When I began reading Benjamin Friedman’s book I decided to ask myself the same set of questions as I have asked myself when reading stuff written by the anti-growth brigade.

1. Does the author establish that there are externalities worth considering from a public policy perspective? My answer is a qualified “yes”. I think he provides a lot of evidence that economic growth does foster greater opportunity, tolerance of diversity, social mobility, commitment to fairness and dedication to democracy.

However, I agree with Will Wilkinson’s assessment that the author “often seems to infer the workings of the psychological mechanisms that link growth to moral consequence from the fact that he has judged something morally suspect” (here). For example, he makes the dubious judgment that increases in government spending on social welfare are evidence of moral improvement and that moves toward limited government are evidence of moral decline.

2. Does he establish a causal link between economic growth and the external effects that he wants governments to address?

Before I read the book I wondered whether Friedman had ruled out the possibility that the externalities he observed were attributable to economic freedom rather than to rising living standards. I think he successfully avoids this issue because his hypothesis is specifically about the consequences of rising living standards – that when we feel that our living standards are improving we are less concerned about our relative position in the distribution of wealth.

Nevertheless, Friedman has not established a link between economic growth as conventionally measured and positive externalities such as tolerance of diversity. He defines economic growth to mean “a rising standard of living for a clear majority of citizens” (p4). But he doesn’t discuss how living standards relate to measured economic growth. If individuals freely choose to work less hours per week as their income rises, should this count as an improvement in their living standards over and above the improvement in their incomes?

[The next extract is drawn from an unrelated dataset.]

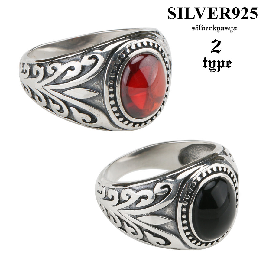 - (ブラック、15号) シルバー925 唐草 カレッジリング シルバーリング ストーン リング ブラック レッド ガーネットリング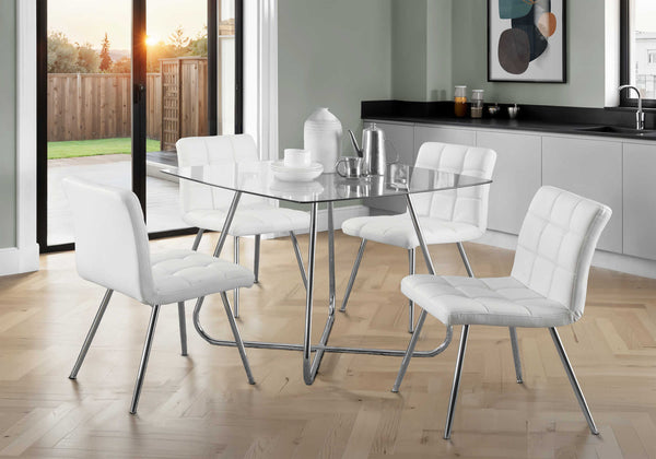 Transform the look of your dining space with this contemporary 5-piece white dining set. This dining set includes a 40" long rectangular table, three chairs, and a bench that accommodates up to 4 people making it perfect for casual family...

I think it should count, but it is not reflected in conventional measures of economic growth.

The micro-foundations of Friedman’s analysis seem to me to make a great deal of sense. If we gauge ourselves to be doing well by comparison with our past living standards (or our parents living standards) then we are less likely to be concerned about keeping up with the Joneses or keeping ahead of the Smiths. I was surprised, however, that the author does not cite a large body of psychological research in support of this supposition. This is probably because not much psychological research has been undertaken that is directly relevant to this benchmark question. More work is needed in this area.

3. Would the benefits of the interventions that he proposes be likely to exceed the costs?

Who knows?. It seems to me that the author’s proposals for increasing investment is the kind of policy that might be considered to achieve some of the outcomes of a free market by a government with ideological objections to free markets. Some of his other proposals, for example those relating to introduction of more competition in public education, are consistent with greater reliance on free markets – despite the authors view that market forces would produce too little growth.

To sum up, I don’t think that Benjamin Friedman’s book makes a strong case that the rate of economic growth determined in free markets would be too low. Nevertheless, it makes a valuable contribution in pointing out positive social consequences of economic growth at a time when there has been much focus on supposed adverse consequences and even proposals to reduce growth by taxing wealthy people more heavily – on the grounds that their wealth makes other people feel miserable. I agree with Roger Kerr’s comment that this book provides a strong counter argument – namely that insufficient economic growth makes people doubt that they are making progress in their own lives, which is why they compare themselves with others and so experience feelings of envy and resentment.